For aging, I will generally hang at around 65%, out of the box and in a humidor. I do this simply because I'm accelerating the aging process, but can still grab something, dry box and smoke fairly soon.

Personally, I can't stand a Cuban cigar even a point over 60% RH. I use 60% beads for the to-smokers, but try to keep them under that. I will even dry box for several days to get them closer to 55-56%.


----------



## Nathan King (Nov 4, 2010)

Wow, Don! That's *DRY!*


----------



## Herf N Turf (Dec 31, 2008)

Nathan King said:


> Wow, Don! That's *DRY!*


Well, blame a bunch of old gray-hairs back in the 70's and 80's for mal-forming me, but they just taste better when they're drier.

Actually, dry boxing really doesn't effect the binder and fillers much, just the wrapper. The binder and fillers are still around 60%, but I get a perfect and consistent burn, without a lot of moisture build-up in the back half by doing this. Remember, VA is pretty humid in the spring-fall. Out west, or farther north, it's probably not as important.


----------



## bdw1984 (May 6, 2009)

I stay at about 58-60 for both purposes


----------



## fivespdcat (Nov 16, 2010)

I may be moving more towards Don, and head over to the 60% camp. Right now I store everything at 63%.


----------



## eljimmy (Jun 27, 2009)

I found this interesting on the Boveda site:

 Cuban cigars are best at 60-65% RH; cigars with a Cameroon wrapper are best at 70-72%; Nicaragua, 68-70%; cigars with a Dominican wrapper, such as the Fuente Fuente OpusX are best at 60-65%; cigars with a Connecticut Shade wrapper will not be affected between 65-72% RH.


----------



## jdfutureman (Sep 20, 2010)

eljimmy said:


> I found this interesting on the Boveda site:
> 
> Cuban cigars are best at 60-65% RH; cigars with a Cameroon wrapper are best at 70-72%; Nicaragua, 68-70%; cigars with a Dominican wrapper, such as the Fuente Fuente OpusX are best at 60-65%; cigars with a Connecticut Shade wrapper will not be affected between 65-72% RH.


Jimmy, that's a great find!
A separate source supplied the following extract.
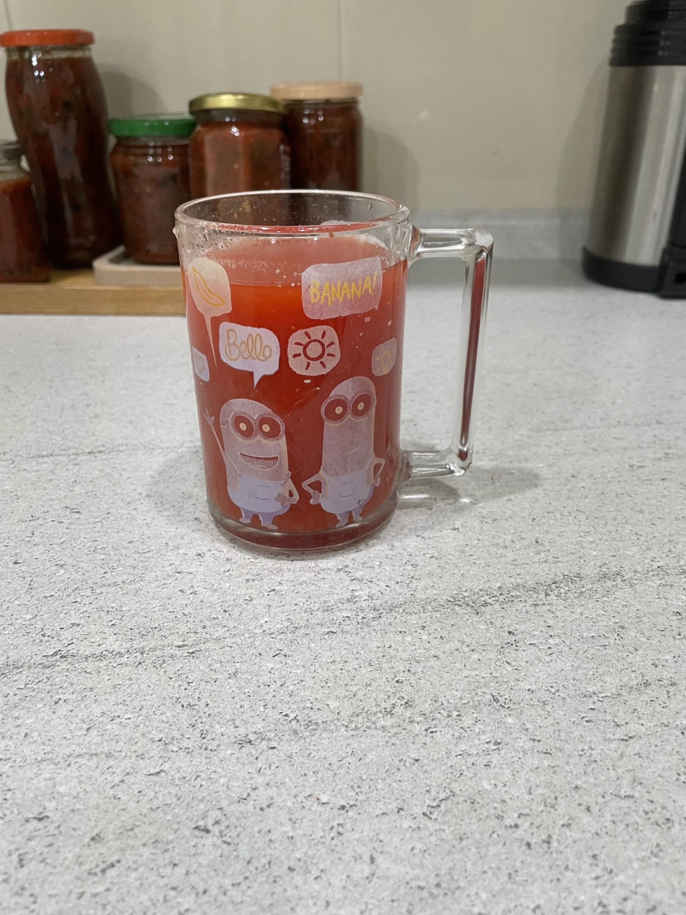 В этот раз мне попались довольно сочные помидоры, жидковато было. Поэтому при медленном побулькивании гуща осела на дно и я ложкой аккуратно слила в кружку полупрозрачную жидкость, гущу не затрагивала. Этот сок очень вкусный. Муж с удовольствием выпьет))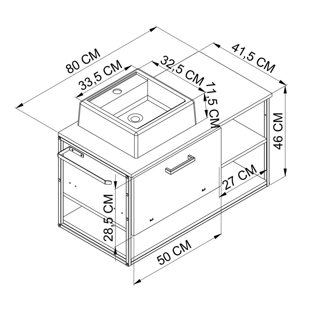Gabinete Suspenso para Banheiro 80cm com Cuba Preto/Mel

I appreciate your recon:smoke:

For anyone interested I added the link.
BovedaDirect
It's at the bottom of the page.

Some RG coming your way.:banana:


----------



## eljimmy (Jun 27, 2009)

jdfutureman said:


> Jimmy, that's a great find! I appreciate your recon:smoke:
> 
> For anyone interested I added the link.
> BovedaDirect
> ...


Thanks man!!


----------



## socalocmatt (Dec 22, 2010)

eljimmy said:


> I found this interesting on the Boveda site:
> 
> Cuban cigars are best at 60-65% RH; cigars with a Cameroon wrapper are best at 70-72%; Nicaragua, 68-70%; cigars with a Dominican wrapper, such as the Fuente Fuente OpusX are best at 60-65%; cigars with a Connecticut Shade wrapper will not be affected between 65-72% RH.


Damnit son!!! Now I _need_ ANOTHER winador. See what you've done. When my lady gives me the look, I'm tellin' her its all your fault.

RG for you sir. A good find :thumb:


----------



## eljimmy (Jun 27, 2009)

socalocmatt said:


> Damnit son!!! Now I _need_ ANOTHER winador. See what you've done. When my lady gives me the look, I'm tellin' her its all your fault.
> 
> RG for you sir. A good find :thumb:


Hahaha. Ohoh! Looks like I'm gonna be running and hiding soon! Thanks for the RG


----------



## ouirknotamuzd (Jan 29, 2011)

jdfutureman said:


> David check out the Oliva website they recommend between 70% and 79% RH
> Oliva Cigar


that's just an open invitation for mold growth and beetle incubation


----------